In accordance with some implementations, a computer system (e.g., computing device 200, a server 250, etc.), for a respective reference product of a plurality of reference products, retrieves (510) images of the respective reference product.
In some embodiments, the images of the respective reference products are associated with respective image types. The computer system selects (512) one or more images of the images of the respective reference products corresponding to a particular image type of the respective image types. For example, the selected one or more images correspond to a particular image type, such as a photograph, a rendered image, an engineering drawing, or a patent drawing.
In some embodiments, the images of the respective reference products are associated with respective image types. The computer system converts (514) the images of the respective reference product to images of a particular image type of the respective image types. For example, the images of different image types are converted into a same image type, such as a photograph, a rendered image, an engineering drawing, or a patent drawing.
The computer system, also for the respective reference product, forms (520) a respective feature vector for a respective image of the retrieved images of the respective reference product (e.g., the computer system extracts a feature vector from the respective image).
The computer system uses (530) at least a subset of feature vectors to train a model to determine a similarity to the respective reference product.
In some embodiments, the computer system trains (532) the model using feature vectors associated with two or more image types.
In some embodiments, the computer system determines (534) a respective similarity between a product and the respective reference product.
In some embodiments, determining the respective similarity includes (536) determining a distance to the respective feature vector.
In some embodiments, the computer system identifies (538) one or more clusters of the feature vectors, and determines the respective similarity includes determining a distance to a respective cluster of the one or more clusters.
The computer system stores (540) the trained model in a database for subsequent use in determining a similarity to the respective reference product.
Figure 6 is a schematic diagram illustrating two operations involved in identifying a match according to some implementations.
The first operation involves processing a received image 610 (e.g., a photograph) to obtain a processed image 620. In some implementations, the processing includes detecting an object detection operation. The object detection operation may be performed using software tools, such as Faster Region-based Convolutional Neural Network-Region Proposal Network, Yolo, etc. In some implementations, the processing includes aligning the received image (or at least a partially processed image, or a portion thereof). In some implementations, the processing includes converting the received image 610 into an image of a different type (e.g., photograph to a line drawing). The conversion operation may be performed using algorithms, such as Domain Transfer Network or Pix2Pix.
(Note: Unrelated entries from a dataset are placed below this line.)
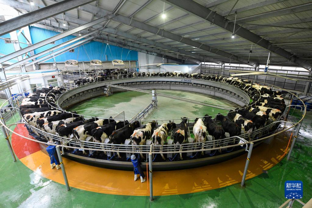 這是2月28日在豐寧縣魚(yú)兒山鎮一家智能牧場(chǎng)拍攝的轉盤(pán)式擠奶廳。
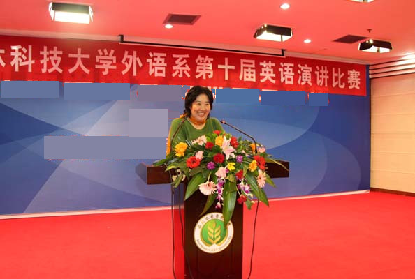 2012年10月24日晚,外语系第十届英语演讲大赛在南校区国际交流中心208会议室隆重举行。系主任窦琴、副主任田志强、系党委副书记王小平出席了本次比赛,200多名员工到场观看了比赛。
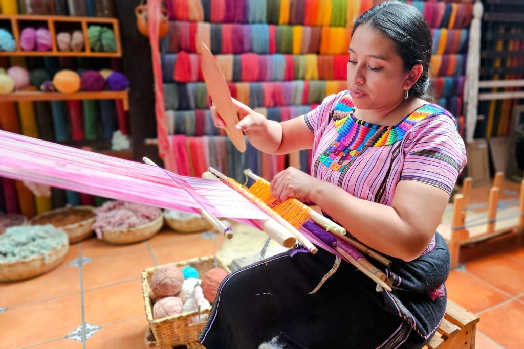 ההרפתקה שלנו החלה בסן חואן, כפר הידוע בטקסטיל הססגוני שלו ובעושר התרבותי. כשצעדנו מהסירה אל המעגן הצבעוני, קיבלו את פנינו ציורי קיר ואמנות רחוב המספרים את סיפורי ההיסטוריה והמסורת של הכפר. רוזה הובילה אותנו אל אורגת מקומית, שסיפרה על המשמעות העמוקה של הבגדים המסורתיים שלבשו נשות סן חואן. לכל כפר סביב אגם אטיטלן יש דוגמאות וצבעים ייחודיים – מסורת שהחלה בתקופת הכיבוש הספרדי. הספרדים הקצו צבעים ספציפיים לכל כפר כדי לשלוט ולזהות את האוכלוסייה הילידית, אך אנשי המאיה הפכו מעשה דיכוי זה לסמל גאווה, על ידי טווית עיצובים מורכבים המספרים את סיפוריהם ושומרים על זהותם. האורגת הסבירה שבסן חואן משולבים בבגדים סמלי לוח השנה של המאיה, עם כשהצבע הדומיננטי הוא הצבע האדום, המסמל עוצמה וחוסן. האיכות יוצאת הדופן של הבגדים מאפשרת להם להחזיק מעל 20 שנה, מה שהופך אותם גם לפרקטיים וגם לסמל תרבותי עמוק.
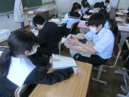 井上ひさしさんの「握手」を題材に、文章に表現されている事柄から登場人物の心情に迫っていました。
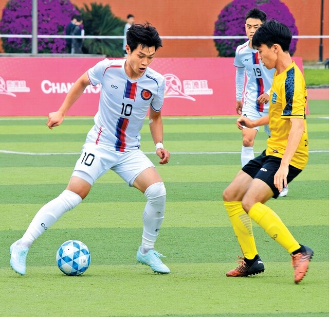 杨斯寒(左)代表学校参加“贡嘎杯”校园足球联赛
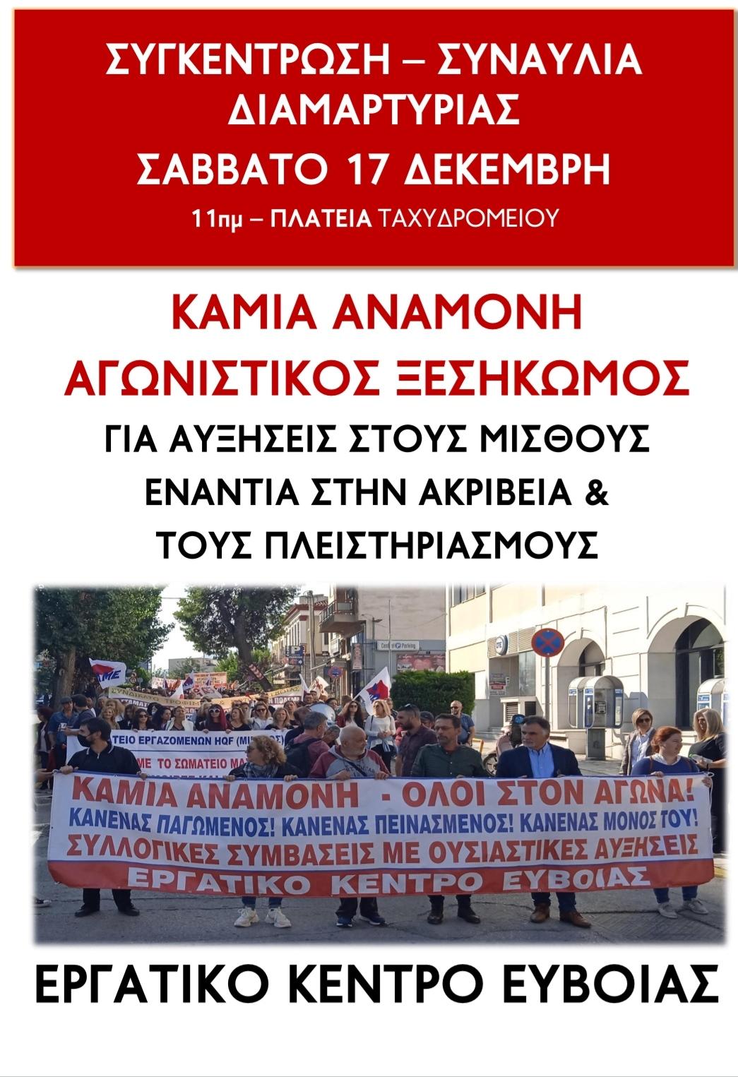 Η πετυχημένη Απεργία στις 9 Νοέμβρη και οι μεγάλες απεργιακές διαδηλώσεις που έγιναν σε όλη την Ελλάδα αλλά και σε όλη την Εύβοια, έστειλαν ηχηρό το μήνυμα κλιμάκωσης του αγώνα. Διατράνωσαν την απόφαση των εργαζομένων ότι δεν συμβιβάζονται με τη φτώχεια και την παγωνιά, ότι δεν πρόκειται να πεθάνουν για τα κέρδη των επιχειρηματικών ομίλων, ότι το λογαριασμό της ακρίβειας θα τον στείλουν σε αυτούς και στην κυβέρνηση.
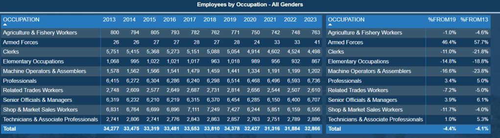 There has been an overall fall in employment since 2013 of 4.1%, with the main growth coming through ‘white-collar’ occupations such as Professionals and Senior Managers, and falls across the ‘blue-collar’ occupations. Notably, Clerks are down 22%, Elementary Occupations are down 19% and Machine Operators & Assemblers are down 24%. This dynamic has continued throughout the time period.
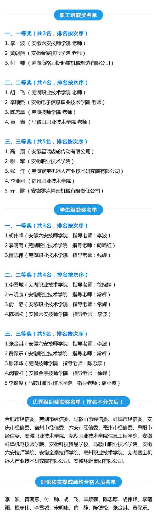 根據(jù)《工業(yè)和信息化部 人力資源社會保障部 教育部 中華全國總工會、共青團中央關于舉辦2017 年中國技能大賽——第二屆全國工業(yè)機器人技術應用技能大賽的通知》文件要求,安徽省經(jīng)濟和信息化委員會、安徽省人力資源和社會保障廳、安徽省教育廳、安徽省總工會、共青團安徽省委員會和六安市人民政府于8月17日在六安市聯(lián)合舉辦了安徽省工業(yè)機器人技術應用技能大賽暨第二屆全國工業(yè)機器人技術應用技能大賽選拔賽。根據(jù)比賽結果,現(xiàn)將職工組獲獎名單、學生組獲獎名單、優(yōu)秀組織獎獲獎名單、理論和實操成績均合格人員名單予以公布。

The second operation involves comparing the processed image 620 with a reference drawing 630 to determine a similarity value as described with respect to Figure 1B.
The terminology used in the description of the invention herein is for the purpose of describing particular implementations only and is not intended to be limiting of the invention. As used in the description of the invention and the appended claims, the singular forms "a," "an," and "the" are intended to include the plural forms as well, unless the context clearly indicates otherwise. It will also be understood that the term "and/or" as used herein refers to and encompasses any and all possible combinations of one or more of the associated listed items. It will be further understood that the terms "comprises" and/or "comprising," when used in this specification, specify the presence of stated features, steps, operations, elements, and/or components, but do not preclude the presence or addition of one or more other features, steps, operations, elements, components, and/or groups thereof.
The foregoing description, for purpose of explanation, has been described with reference to specific implementations. However, the illustrative discussions above are not intended to be exhaustive or to limit the invention to the precise forms disclosed. Many modifications and variations are possible in view of the above teachings. The implementations were chosen and described in order to best explain the principles of the invention and its practical applications, to thereby enable others skilled in the art to best utilize the invention and various implementations with various modifications as are suited to the particular use contemplated.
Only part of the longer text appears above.